No effort without error or shortcoming
Or, someone is crying in my classroom and I don't know what to do about it.
A few weeks ago, when it was time for my 10th graders to hand in a test, one of them buried her face in her hands and began to cry. Hard. I grabbed a box of tissues and sat down nearby, trying to look sympathetic. Even though I'd been in her shoes before, I had no idea what to say.
Seeing a student in tears — especially during a test — feels terrible. Not only is emotional support one of the explicit duties of a teacher, but of course I genuinely care about them, too. And how could I not? I spend as much time with my students as I do with my own children.
She was the first to break the silence. "I studied so hard," she said. "But I couldn't figure out the last question."
Her conclusion reminded me of a time when I had hit a wall at the end of a test. It came at the end of one of my favorite courses in college: group theory. Just as my chemistry courses had revealed the underlying structure to our physical world, group theory illuminated the underlying structure of the math I'd been learning since elementary school.
I took careful notes, which I still keep on my bookshelf and look through when I feel like reminiscing. I spent hours on homework, even formatting it in a markup language called LaTeX so that it looked like it belonged in an academic journal. I wanted to prove myself worthy of that beautiful subject. But when I took the final exam I came to a problem I didn't know how to solve. Maybe I wasn't worthy after all.
I handed in the paper, trying not to make eye contact with the professor in hopes that she would forget me and my mediocre abilities. Then I walked around the building until I found a place where I could be alone. Sitting on a bench in the basement with my fists clenched, I didn't know if I would cry or scream or both. That was my shot to prove myself, and I'd blown it.
In the moment, that exam was my entire world. Nothing else could have been more important. But by evening I'd started to move on. I remember being relieved to see my results a few days later, but apparently the exact grade wasn't important enough for me to commit to memory. What I do remember was pouring myself into that course. I remember caring, and struggling, and becoming a better mathematician, regardless of whether I could answer that final question or not.
While I could've shared this story with my student, I don't think it would've made her feel any better. She didn't need to hear that things had eventually worked out for me, she needed to hear that they were going to turn out okay for her.
"What if I fail my DP exams?" she asked.1
"You'll move on," I said. "But I don't think you're going to fail your exams. It's obvious you care about doing well. You're going to learn to channel that energy into doing better next time."
When I first saw her crying I felt like something had gone wrong: her preparation, or my teaching, or both. In retrospect, I wonder if these kinds of lows are simply part of all grand endeavors.

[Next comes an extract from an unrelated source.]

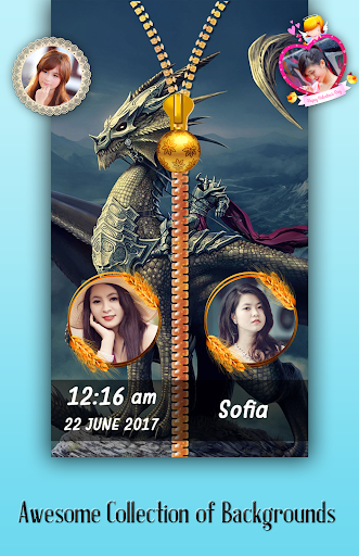 dragon is made and used as a decoration. dragon shines by reflection with many small flashes of brilliant light or to shine with strong emotion to be brilliantly attractive. It is a free zipper lock app for your quality android device. If you love the dragon shine, then you surely want to decorate your home screen with dragon zipper Lock Screen. Young girls and guys will really like it.

What if someone said they wanted to be a grandmaster in chess without ever feeling disappointed in themselves after losing a match? Or that they aspired to compete in the Olympics but couldn't stomach second place? I don't know about you, but I would think their heart wasn't really in it. That they weren't ready for the highs — and the lows — of learning and growing.
It's easy to fall into the trap of thinking that all negative emotion is the enemy, that tears are always a sign of failure. But they don't have to be. They might just be a sign that someone cares enough to try.
The title of this post comes from a speech that Teddy Roosevelt gave at the Sorbonne in 1910.
These exams represent the culmination of the International Baccalaureate program, and like the SAT, can play a critical role in determining where a student attends university.